--- START ---

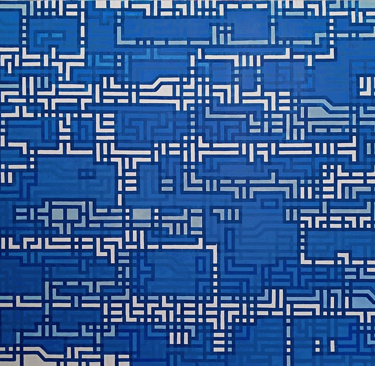 Chaque œuvre commence par la mise en place d’une matrice composée de modules géométriques simples : lignes, angles et fragments répétés organisés selon une logique rigoureuse. Cette première étape crée une architecture visuelle neutre, un espace structuré sans forme centrale.
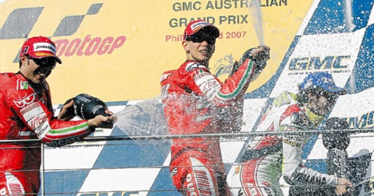 En el circuito de Phillip Island, Stoner celebró de la mejor manera posible el Mundial que matemáticamente se adjudicó a finales de septiembre en la última carrera, el Gran Premio de Japón. Dani Pedrosa (Honda) había salido en ‘pole’ pero, en un brillante comienzo, Stoner, que el martes celebrará su 22 cumpleaños, adelantó al piloto español y al italiano Valentino Rossi, cinco veces campeón en categoría reina, que terminó tercero en su Yamaha. El australiano reconoció que ganar en casa fue la guinda sobre el pastel de una temporada memorable. 'Tener ya el campeonato en mis manos ha sido perfecto para mí. Realmente he podido disfrutar de esta carrera', dijo.
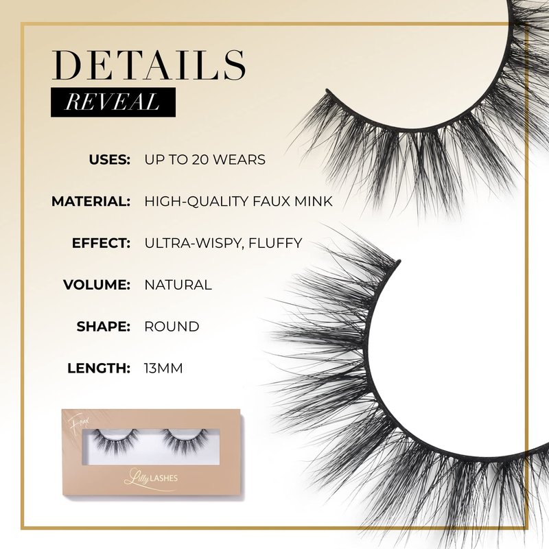 Lilly Lashes Everyday Reveal Faux Mink Lashes False Eyelashes Natural Look Faux Wispy Lashes Mink Strip Lashes Short Lashes Round Shaped Natural Lashes 13 mm Reusable Up to 20 Times
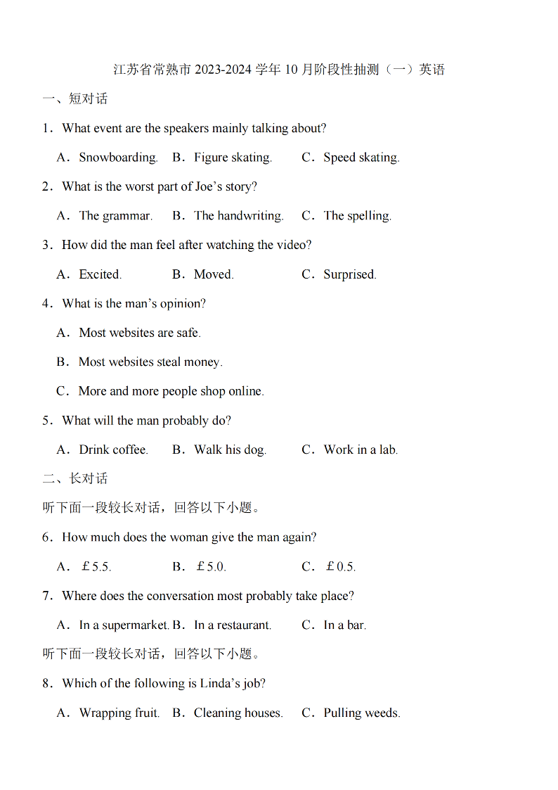 江苏省常熟中学24届高三上阶段性抽测一 英语
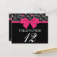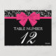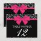 Cette carte de numéro de table mariage présente un élégant motif rose noir et blanc, un arc rose chaud et du texte blanc sur un arrière - plan noir. Il est imprimé de chaque côté.
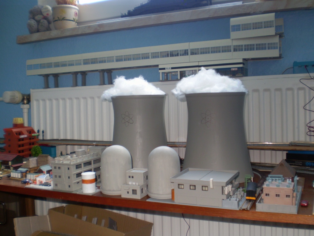 Mein absoluter Liebling. Bei Nacht leuchten die Kühlturmschwaden leuchtgrün! Demnächst kümmere ich mich um die Detailausstattung wie hohe Absperrzäune, detaillierte Bemalung und den Gleisanschluss.
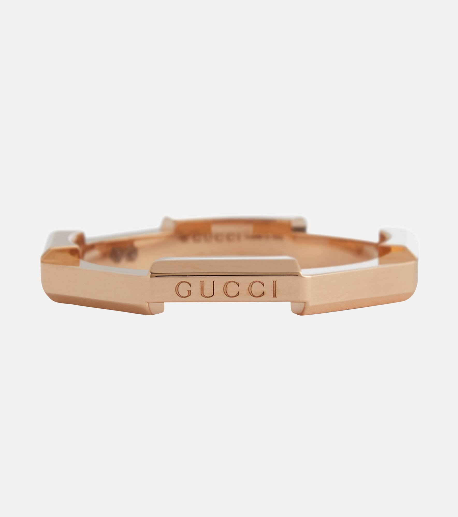 This ring is part of Gucci's Link to Love collection, which is a contemporary take on symbols of romance. It's made in Italy from 18kt rose gold and subtly engraved with the label logo. Product Details - Material: 18kt rose gold - Made in Italy - Designer color name: Pink Gold - Item number: P00585731 Size & Fit - Width 3mm-0.1"

--- END ---

Exercise:
Every line from the one with "江苏省常熟中学24届高三上阶段性抽测一 英语" through the end of the records is to be reproduced exactly, and the pictures are to be left out.

Answer space:
 江苏省常熟中学24届高三上阶段性抽测一 英语
 Cette carte de numéro de table mariage présente un élégant motif rose noir et blanc, un arc rose chaud et du texte blanc sur un arrière - plan noir. Il est imprimé de chaque côté.
 Mein absoluter Liebling. Bei Nacht leuchten die Kühlturmschwaden leuchtgrün! Demnächst kümmere ich mich um die Detailausstattung wie hohe Absperrzäune, detaillierte Bemalung und den Gleisanschluss.
 This ring is part of Gucci's Link to Love collection, which is a contemporary take on symbols of romance. It's made in Italy from 18kt rose gold and subtly engraved with the label logo. Product Details - Material: 18kt rose gold - Made in Italy - Designer color name: Pink Gold - Item number: P00585731 Size & Fit - Width 3mm-0.1"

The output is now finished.